I have since taught my own kids to play, and my youngest especially caught the bug. We would discuss crib strategy on long family road trips, dealing out hands and then talking over what to throw and what to keep. My daughter and I once played a year-long crib tournament where we played a game every day for a fully 365 of them, tallying the scores (1 point for a win, 2 points for a skunk). This tournament has gone down in family lore, because at the end of 365 games we finished with an exact even tie between us.

So crib has kind of been a constant card-game companion of my life.

It’s hard to pin down exactly what I love about it. It seems to me to be the perfect combination of strategy and chance, and over the years I’ve taken a life lesson from the way a very good strategy can turn around even a terrible hand in crib. I also love the many inter-related aspects of the game: choosing what to keep and what to throw, pegging, then counting your hand. There is, in this, a perfect mix of introspection and social interaction. And then there’s my fascination over the myriad ways to count points in a hand, the many different combinations of cards that make 15, the joy of a double run, the elusive quadruple run, and the rare miracle of a 29 point hand (a deal I am still waiting for, incidentally, after all these years). There are no end of delights to be had in a good game of crib.

I think the greatest joy of all, however, is the poetic playfulness of the counting that happens at the end of each hand. Early on in my exposure to crib I was taught how to add little rhymes to the end of each tally—“fifteen two and the rest don’t do,” “fifteen two, pair is four, and there ain’t no more,” and so on.

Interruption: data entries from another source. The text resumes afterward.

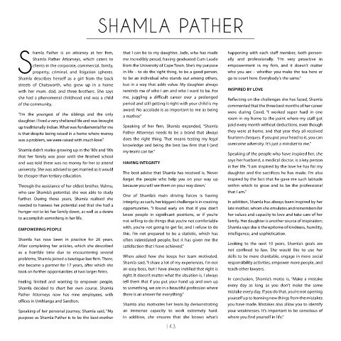 After completing her articles, which she described satisfaction that I have achieved.” Looking to the next 10 years, Shamla’s goals are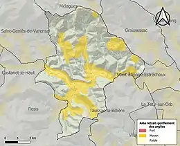 Le retrait-gonflement des sols argileux est susceptible d'engendrer des dommages importants aux bâtiments en cas d’alternance de périodes de sécheresse et de pluie. 32 % de la superficie communale est en aléa moyen ou fort (59,3 % au niveau départemental et 48,5 % au niveau national). Sur les 567 bâtiments dénombrés sur la commune en 2019, 486 sont en aléa moyen ou fort, soit 86 %, à comparer aux 85 % au niveau départemental et 54 % au niveau national. Une cartographie de l'exposition du territoire national au retrait gonflement des sols argileux est disponible sur le site du BRGM[28],[Carte 2].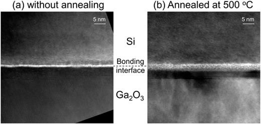FIG. 10. TEM images of the β-Ga2O3/Si interface before and after annealing at 500 °C. Distortion observed in the Si surface lattice was recovered by annealing, resulting in improved electrical conductivity.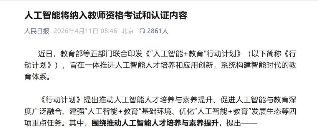 今天看到人民日报公众号发布的文章,谈到教育部等五部门印发《“人工智能 + 教育” 行动计划》,要全面推动AI进入基础教育、高等教育。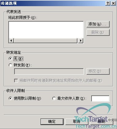 在“Exchange常规”属性里有三个重要的内容,分别是“传递限制”、“传递选项”、“存储限制”,选来点击一下“传递限制”:

Even without these embellishments, however, there’s a rhythmic meter to that comes out when you’re counting that has always delighted me. Don’t believe it? Give it a try:

 

Fifteen two, fifteen four, fifteen six, fifteen eight, pair is ten, pair is twelve, and a quadruple run makes 24.

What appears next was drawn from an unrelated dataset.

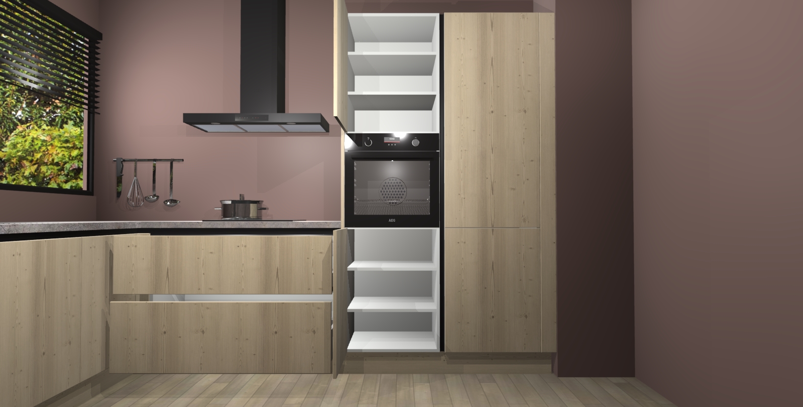 Met een modern, tijdloos design en ruime opslagruimte, zult u zich in no-time thuis voelen in uw nieuwe keuken. Uw leven wordt eenvoudiger met de soft-close deuren die voor het ultieme stille comfort zorgen - geen geluid dat u stoort terwijl u kookt. Ook is de keuken voorzien van 5 ingebouwde apparaten: een oven, inductie kookplaat, afzuigkap, vaatwasser en koelkast. Deze kunnen gemakkelijk na bestelling worden bijgewerkt naar AEG - waardoor uw luxe ervaring compleet is.

Legend has it that the game itself was invented in the 17th Century by an English poet named Sir John Suckling, which may explain the poetic elegance I’ve always found in the game.  You can hardly count the above hand without lapsing into sing-song.  Add this to the list of delights.

Over the last month or so at terra incognita, I’ve been reflecting on some of the small sources of joy I have in my life that help me improve and maintain my positive affect—simple delights that I can count on to lift my spirits and deepen my joy. As unspiritual as it sounds to say it, a simple game of crib is one such pleasure.

Playfulness does not generally get the same air-time in theological reflections as some of the weightier matters of life with the Lord—the atonement, prayer, acts of mercy, and so on—and perhaps there is good reason for this. That said, there’s a place in Chesterton's Orthodoxy I’ve never forgotten, where he describes a small child giggling uncontrollably over a repetitive game of peek-a-boo, squealing "Do it again! Do it again!” with unbridled delight. It’s an image I expect many of us have seen. Children, he says, never tire of repetition so long as it’s attached to joyful play like this.

But then Chesterton points out that the Creator designed our world in just such a way that the sun would repetitively rise, day after day without ceasing, always new and yet always the same as the day before. Chesterton asks us to imagine him, the Creator, delightedly calling the sun to rise each morning, just like it did yesterday, crying “do it again!” with holy delight over this celestial game of peek-a-boo.

It's almost so beautiful as to feel irreverent.

But if Chesterton's on to something here, then maybe there really is something about play that helps us glimpse something true about God. For all I know, we do in fact get a small glimmer of the delight God took in creating the world, when we enjoy the playfulness of a satisfying game. It's not nearly so glorious as a sunrise of course, but still, like each new dawn, crib too is a game that's different each time you come to it, and yet for all that, still it’s always the same as it was before.